If the East Bay Times wants to present our communities with opposing viewpoints why not choose a columnist with integrity – someone who uses fact-based information and statements? Thiessen relies solely on conservative opinion, not the truth. I believe this causes you to have a quality control problem.
Janet Clark
Pleasant Hill
Ukraine letter is wrong
on NATO, equivalencies
Re. “Laying all Ukraine blame on Russia too simple,” Letters to the Editor, Page A6, March 4:
What is too simplistic to be factual is Robert Sinuhe’s understanding of current events. Russia is not “surrounded” by NATO, or any other hostile alliance.
The situations involving Syria and Iraq are both entirely different from today’s war. Any attempt to equate U.S. action then with Russia now fails miserably. The writer joins RT and other Russian apologists rationalizing the anguish caused solely by Vladimir Putin’s Russia.

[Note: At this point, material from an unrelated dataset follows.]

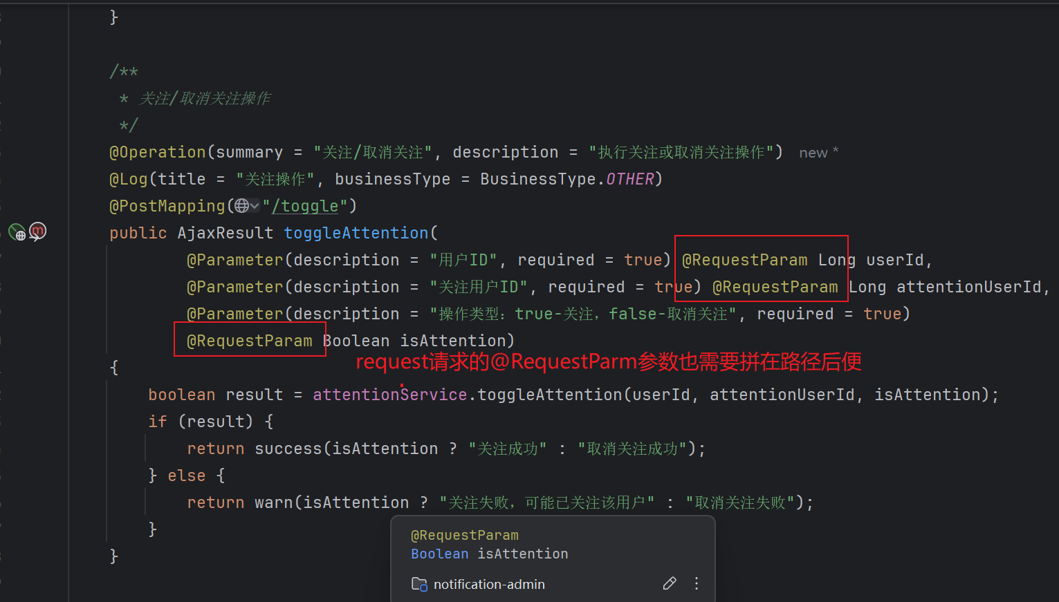 所以,@RequestParam 参数通常是放在 URL 路径之后 的查询字符串中,用 ? 分隔,多个参数用 & 连接

By printing Sinuhe’s letter, however, the paper did ensure that it would follow the instruction he provided in his first sentence. (“The problem with this paper is that it prints opinions of the uninformed.”)
R. Cote
Castro Valley
Lack of precedent
keeping justice at bay
Why is it so hard to set precedent? Because there is no precedent , it seems we are left to watch Donald Trump continue to flout the law.
We watch in horror as the delusional former president consistently spits in the eye of the Department of Justice and laughs as Attorney General Merrick Garland tinkers searching for a precedent. The same thing is in play with Trump’s congressional lackeys. One wonders how many of them could be indicted right now were it not for the dreaded precedent.
None of these characters are above the law, but because Justice has never hauled them in before it’s assumed it can’t be done. As my dear deceased mother used to say when I was faced with a difficult task, “You’ll never know if you don’t try.”